Почему вам не нравятся люди?

А кому они нравятся? Покажите мне такого, и я вам покажу, почему мне не нравятся люди. Точка. А мне тем временем нужно еще пива. (Он пошаркал в кухоньку, и следующий свой вопрос я проорал ему туда.)

А вот пошлый вопрос. Кто величайший поэт из живущих?

Это не пошло. Это трудно. Ну, у нас есть Эзра… Паунд и есть Т. С., но оба писать перестали. А из пишущих, я бы сказал… о, Ларри Айгнер.

Правда?

Да, я знаю, так еще никто не говорил.

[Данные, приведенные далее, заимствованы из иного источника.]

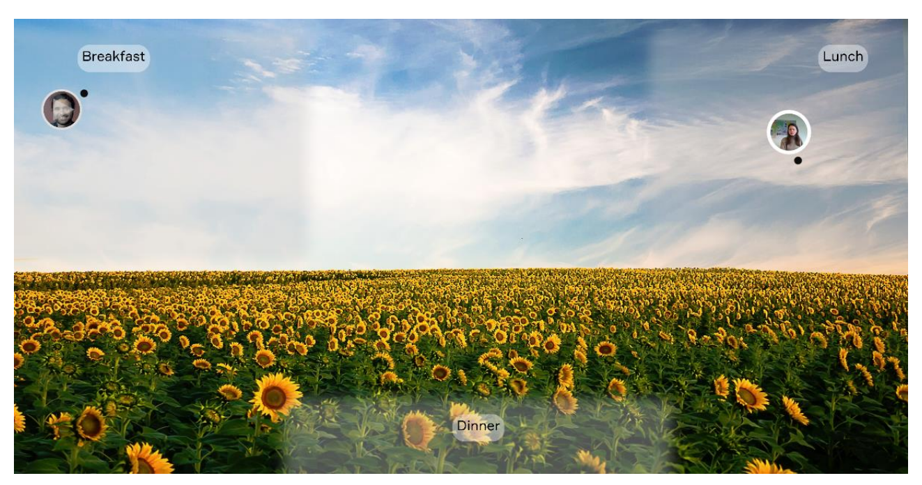
Figure 4: Wonder platform
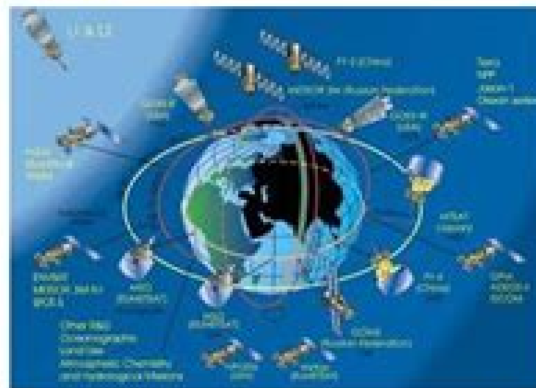
Coordinated Satellite Activities
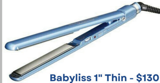
Babyliss 1" Thin - $130
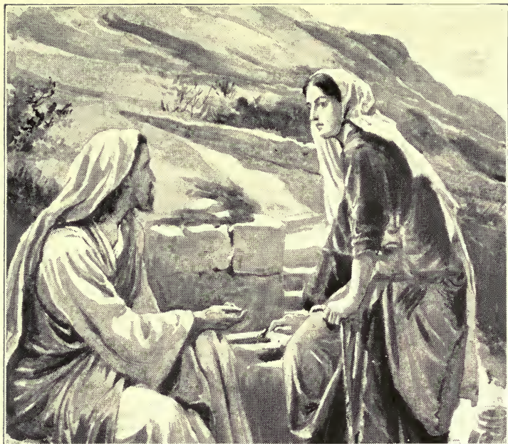
CHRIST AND THE WOMAN OF SAMARIA

"My life of scarlet, my sin and woe, Cover with His life, whiter than snow."
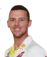
Australian cricketer —Josh Hazlewood

I think bubble life is a lot easier than quarantine. There are a few things you can get out to do and playing cricket as well. That is a huge bonus.
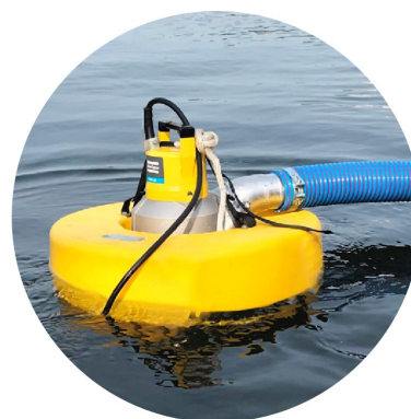
Pump raft 25 - 55 Pump rafts 25 and 55 consist of a float ring, a strainer and a tightening strap.
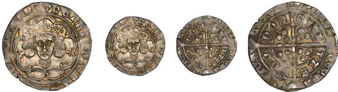
1118 Leaf-Pellet issue [C], Groat, London, mm. cross IIIb on obv. only, leaf on neck, fleur on breast, pellets by crown, extra pellets below TAS and DON, 3.82g/6h (Whitton 56ff; N 1505; S 1917). Very fine or better £150-200

Provenance: DNW Auction 102, 18 September 2012, lot 2456
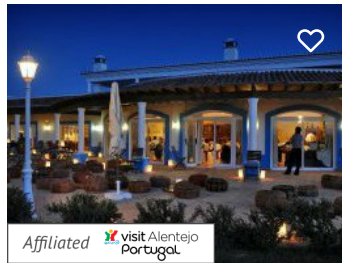
Restaurante Herdade dos Grous
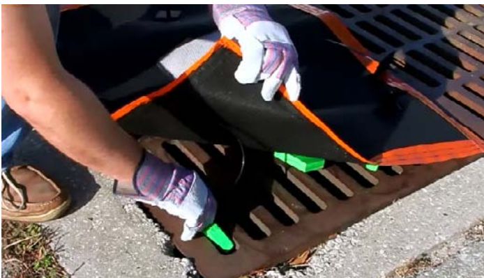
Step 5: At the bottom of each fastener assembly is a block. Insert each block into its corresponding slot in the drain.

These support rods will fit between the pre-installed support rods to create a snug “locked” fit.
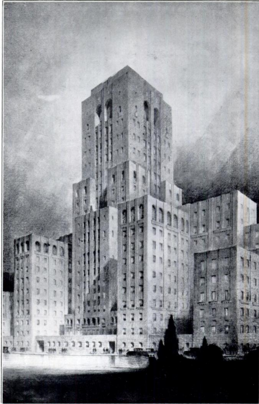
NEW YORK STATE PSYCHIATRIC INSTITUTE AND HOSPITAL AT THE MEDICAL CENTRE, NEW YORK CITY.
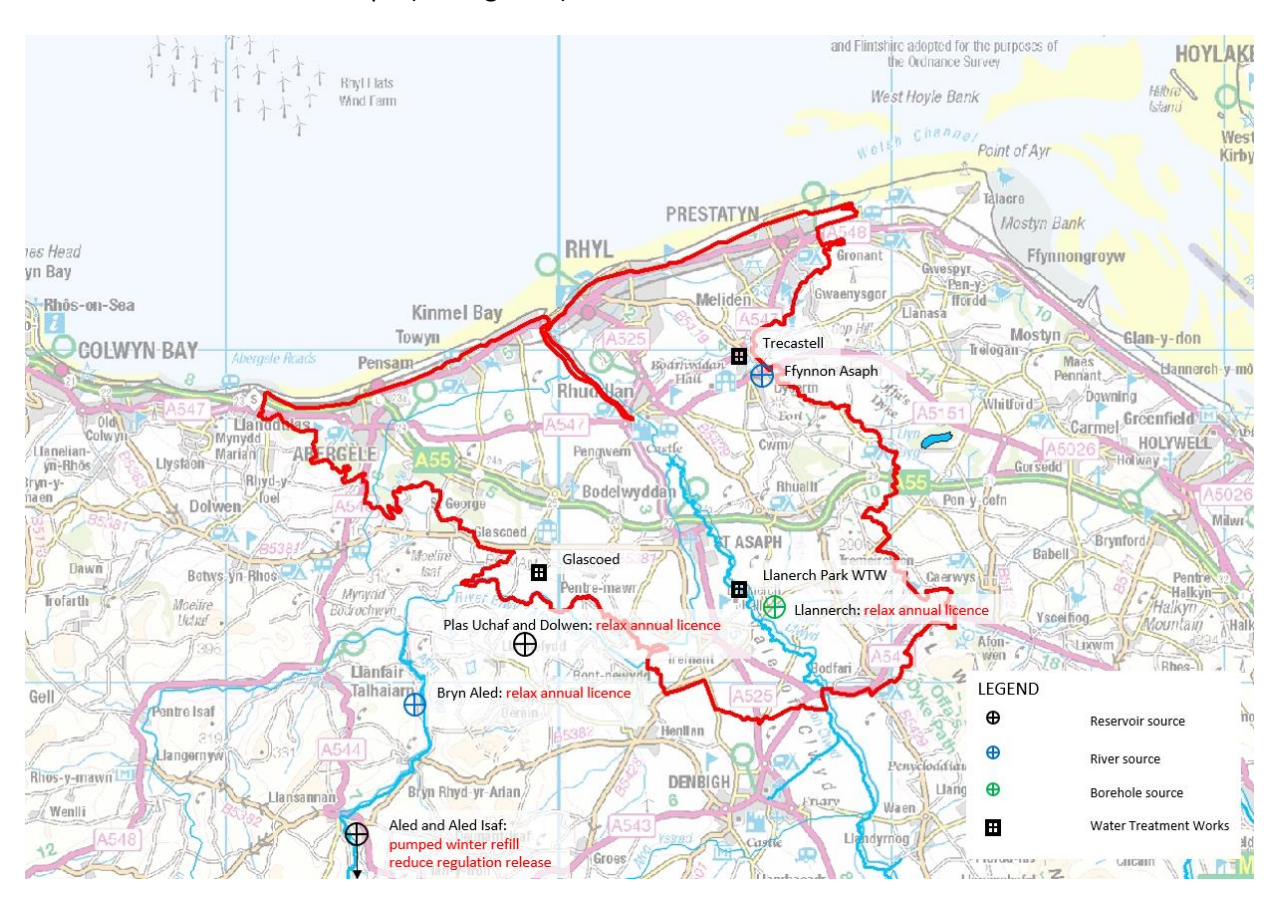
Figure 1 - Map of the Clwyd Coastal WRZ

The Clwyd Coastal Water Resource Zone covers the coastal region from Prestatyn to Colwyn Bay and then further inland to St. Asaph (see Figure 1).
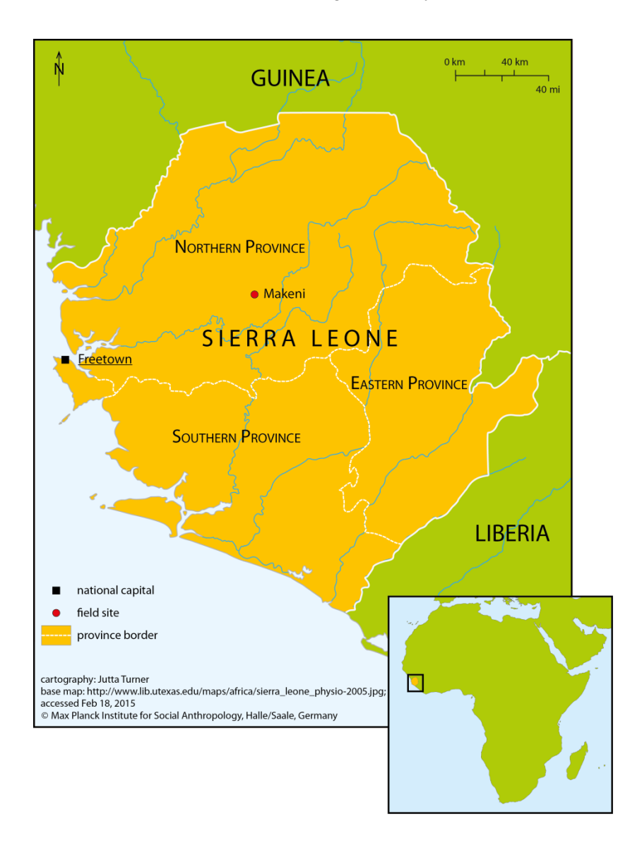
Map 1: Sierra Leone, province borders (including David O'Kane's field site Makeni)

and the north. Those peoples and communities are more and more aware of looming futures, both good and bad that await them. This is not a deterministic or fatalistic perception, rather it is the product of a set of influences and causal factors that, as on the Peninsula, will make certain modes of deployment of Kopytoff's frontier 'cultural inventory of symbols and practices' possible or even necessary, and which will reduce or eliminate the likelihood of other modes of deploying those cultural symbols. Just as the fading of the classic Turnerian frontier in the American west did not eliminate the frontier as a factor in national identity in the United States, the end of the classic precolonial African frontier identified by Kopytoff and others did not eliminate the frontier as a factor in the shaping of ethnic and national identities in colonial and postcolonial Africa. Not only did the historical legacy of the pre-colonial frontier remain stubbornly present in Africa, but the patterns of economic and political life in colonial and postcolonial Africa produced new forms of frontiers, with new consequences for identities and the societies which contained them. In the twenty-first century, new frontier processes are emerging – and in Sierra Leone as elsewhere in the continent they will add their own contribution to the remaking of identity in Africa.
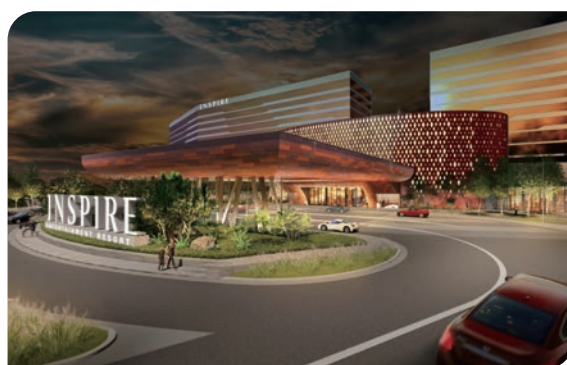
INSPIRE Entertainment Resort concept drawing

States. It is preparing for its opening in the second half of 2023 and will feature facilities such as a foreigner-only casino, a five-star hotel with over 1,200 guestrooms, a 15,000-seat arena for multi-purpose performances, a retail space combining convention centers and entertainment, an indoor water park available throughout the year, and an outdoor themed attraction area.
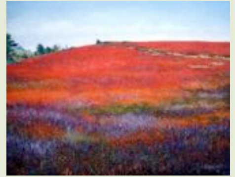
Fig. 32. Blueberry Barrens in September

Maine is the world's largest producer of wild blueberries. These "low bush" berries are smaller and much tastier than cultivated blueberries and are not to be missed. They are available in most local grocery stores once they come in season in August.
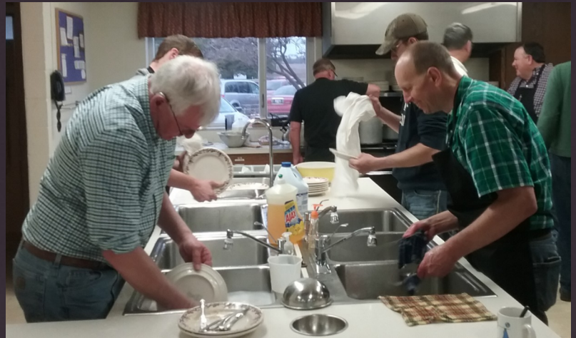
Below: Members of the Men's Club wash dishes during dinner.
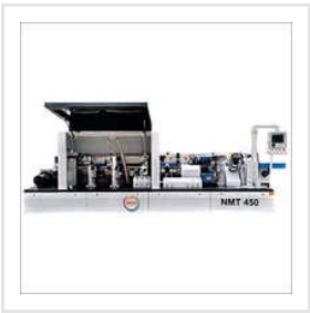
Automatic Edge Bander Machine
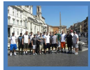
SCIAC All Stars

*The above itinerary is a provisional/suggested itinerary and can/will change depending on your group's specific wishes, the final game schedule for your team(s) and any pro game visit(s) incorporated for your group. Sightseeing admission fees are not included in the prices but can be added and pre-booked based on your group's specific wishes. Consult us for more information.
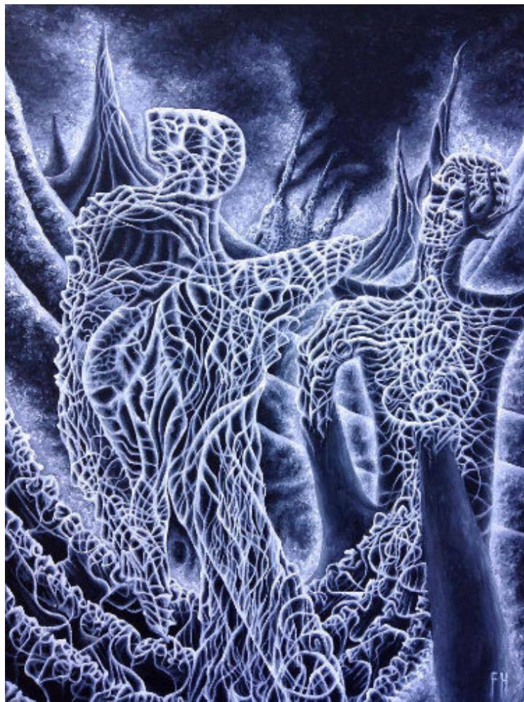
Artwork © Frank Heiler_The Fall of Reason
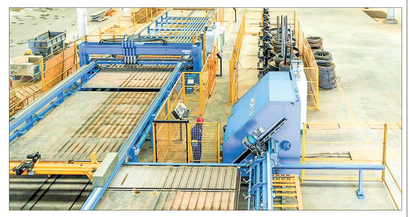
A staff member works at a workshop of China Wu Yi (Kenya) Precast Company Limited in the industrial town of Athi River, Kenya on 17 May 2024.

ABOUT 30 kilometres southeast of Nairobi, the Kenyan capital, China Wu Yi (Kenya) Precast Company Limited has built an expansive factory for new building technologies, causing ripples in the local construction
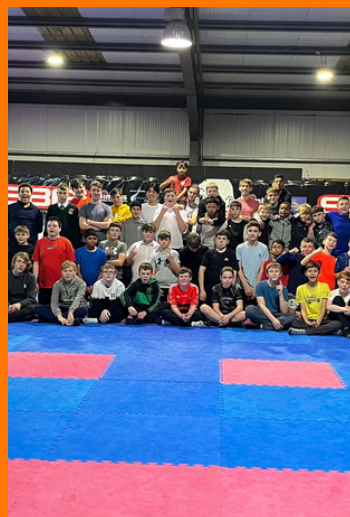
MMA at SGB
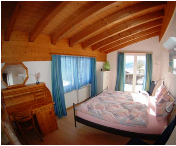
Parents Double Room
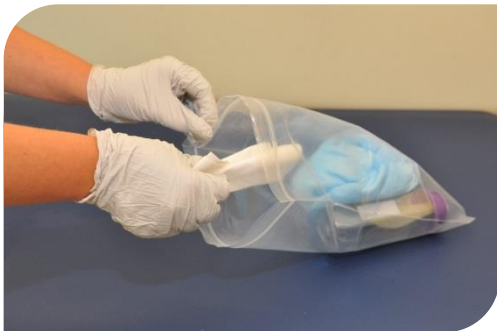
Image: Placing the used wipes and paper towel in the waste bag
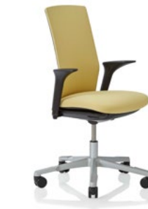
HÅG Futu 1200-S FutuKnit solid Straw – FTU105

Но я больше никого придумать не могу.

Что вы думаете о поэтах-гомосексуалистах?

Гомосексуалисты хрупкие, скверная поэзия тоже хрупкая, а Гинзберг перетянул чашу весов так, что гомосексуальная поэзия стала крепкой, почти мужской; но в конечном итоге гомик останется гомиком, а не поэтом.

Обращаясь к вещам посерьезнее — как, по-вашему, повлиял Микки-Маус на Американское Воображение?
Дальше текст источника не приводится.